Brown soda bread offers nourishment, a rich flavor and is quite simple to prepare in any kitchen - emboldening the the repertoire of even the novice cook. While the Irish are known for their traditional soda bread which combines little else but flour, buttermilk, salt and baking soda, many home cooks have adjusted the recipe with the inclusion of raisins, currants and other ingredients. This brown soda bread with currants and caraway is no exception.
A tradition that may predate the popularization of soda bread in 1840s Ireland, the combination of an acid (buttermilk) and a base (baking soda) creates a reaction that causes the bread to rise without aid of baking yeast or sourdough starter. Some evidence indicates that combining an acid with a base to leaven bread may have also occured in the Americas with the traditional methods of baking employed by Native Americans who used potash in place of baking soda and another acidic medium in place of buttermilk. Regardless of the method's earliest origins, the Irish have, undoubtedly, made it their own. It is a fast, simple and humble bread that appealed to Ireland's poor and working class families.
In my version of soda bread, I prefer to soak the flour - a soft wheat - with buttermilk overnight or longer. This practices helps to mitigate the effects of phytic acid, an antinutrient naturally found in whole grain that binds minerals and preventing their full absorption by the body. Soaking flour in an acidic medium, such as buttermilk or soured milk, for several hours not only improves the not only the digestibility of the grain, but also the body's ability to absorb whole grain's natural, full array of micronutrients. Moreover, soaking flour helps to acidify the dough which produces a pleasantly tender crumb when baked.

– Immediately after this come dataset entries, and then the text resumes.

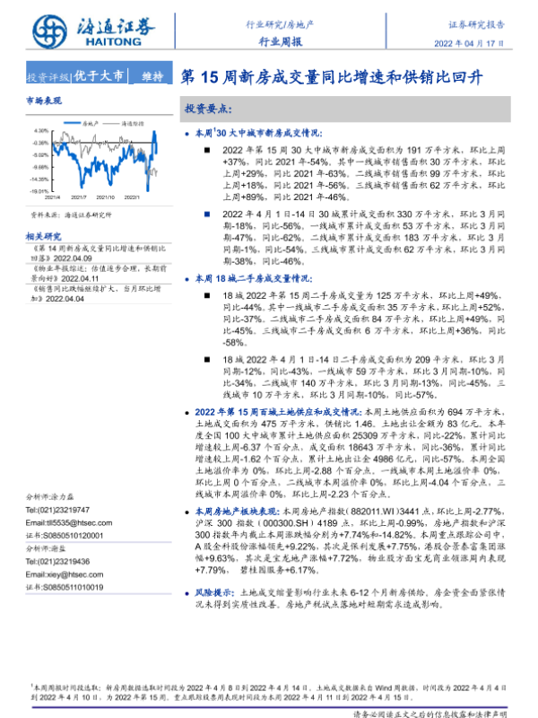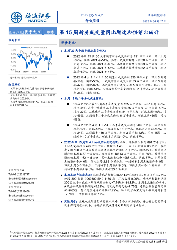 【海通证券】【20220417】第15周新房成交量同比增速和供销比回升-6页
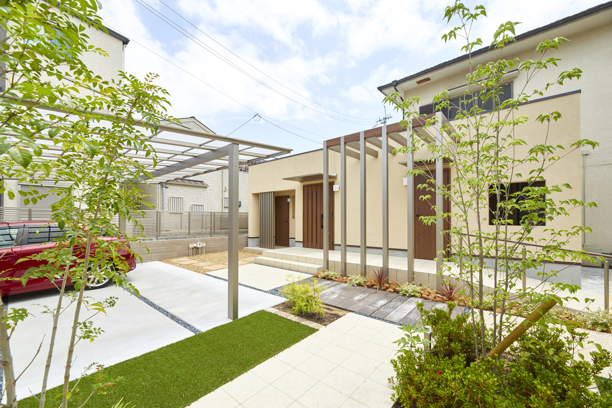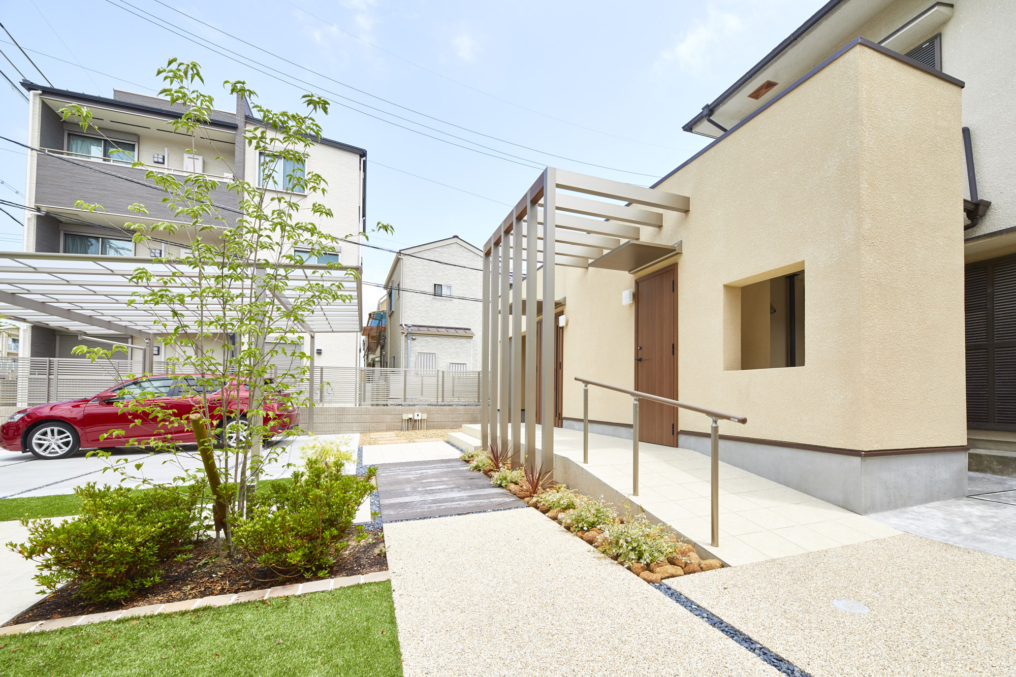リフォームストーリー(きっかけ・ご要望など)病院建物撤去後の更地をキレイにして欲しい、居住建物の玄関位置を設けたいというご要望でした。更地中央にはアプローチを設け、左右には駐車スペース、お庭スペースを...
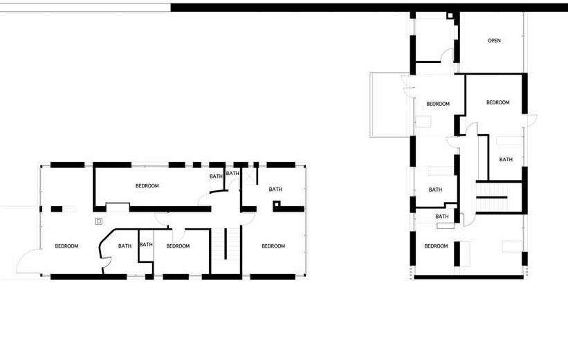 部屋は壁で仕切られているが、囲まれていないため、厳格な外観が隠している流動的な動きを可能にしている。 たくさんの窓や開口部から差し込む光は、特にベッドルームレベルで微妙なニュアンスを生み出している。

recipe for brown soda bread with currants and caraway
- Gently sift five and one-half cups soft white wheat flour, then stir two cups fresh buttermilk into the flour. Combine the flour and buttermilk well until the two are thoroughly mixed together to form a soft, shaggy dough. Cover well and tightly, allowing the dough to sit at room temperature overnight or up to eighteen hours – a process referred to as “soaking.”
- In a separate bowl or small container, pour out 1 cup dried currants then pour enough whiskey over the currants to cover them. If you do not have whiskey on hand, or do not wish to use it, cover the currants with filtered water brought to room temperature. Allow the currants to soak in the water for the same amount of time you allow the flour to soak in buttermilk – overnight to eighteen hours. While this practice doesn’t improve the nutrient profile of the currants, it does improve their flavor and texture.
- The next day, after the dough and currants have sufficiently soaked overnight or up to eighteen hours, strain the currants from the whiskey reserving the whiskey for another use as you see fit.
- Preheat your oven to 425 degrees Fahrenheit.
- While the oven preheats, turn the dough out onto a floured surface and gently knead one tablespoon caraway seeds, the whiskey-soaked currants, one teaspoon baking soda and one teaspoon unrefined sea salt into the dough.
- Flour your hands, as needed, and shape the dough into a nice, full and round ball. Cut a deep cross into the top of the dough.
- When the oven has reached a temperature of 425 degrees Fahrenheit, place the dough in the oven and bake for twenty-five to thirty minutes.
- After the soda bread has baked at 425 degrees for twenty-five to thirty minutes, reduce the heat of the oven to 350 degrees Fahrenheit and continue to bake for another fifteen to twenty minutes.
- Remove the bread from the oven and allow it to cool thoroughly before serving.